The brokerage said the key forces that underpinned gold prices through 2025 are expected to remain in place next year. These include ongoing de-dollarisation trends, concerns around the U.S. fiscal position, broader macroeconomic uncertainty, sustained central bank gold purchases, physical gold ETF inflows and demand linked to Tether-backed gold products. Jefferies also highlighted geopolitical risks and equity market volatility as additional supportive factors.

Against this backdrop, Jefferies forecasts an average gold price of $4,200 per ounce in 2026, up from $3,418 per ounce in 2025, while maintaining a longer-term price assumption of $3,000 per ounce.

The firm noted that gold producers are particularly well positioned because gold prices have risen far faster than operating costs. In recent years, price gains have significantly outpaced growth in all-in sustaining costs (AISC), leading to a steady widening of margins. Jefferies’ analysis shows free cash flow margins per ounce across its gold mining coverage continuing to improve through 2026, reflecting stronger profitability at current price levels.

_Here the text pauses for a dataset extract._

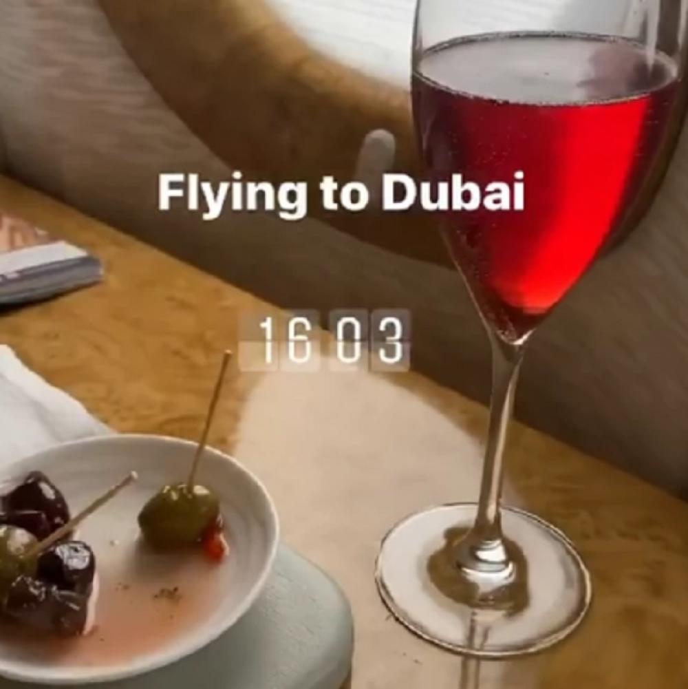 Pevačica je, naime, objavila fotografiju iz aviona, gde je uz piće i hranu otputovala za Dubai.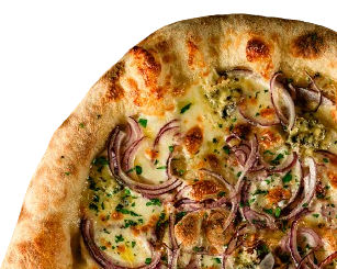 Salsa de tomate, parmesano, muzzarella, jamón natural, cebolla, orégano fresco y aceite de oliva

While cost inflation remains a factor, Jefferies said pressures have so far been contained, generally staying below 10% across the industry. Higher royalty costs are already evident, and the firm pointed to emerging pressure from labour and consumables. However, lower oil prices were identified as a meaningful offset, helping to support margin expansion rather than erosion.

This margin environment is expected to translate into stronger cash generation next year. Jefferies anticipates both higher free cash flow per ounce and increased aggregate free cash flow across its coverage universe in 2026, with sector-wide free cash flow projected to reach multi-year highs.

Finally, the brokerage highlighted improved capital discipline among gold miners in 2025, with companies largely prioritising organic growth and shareholder returns over large-scale mergers and acquisitions.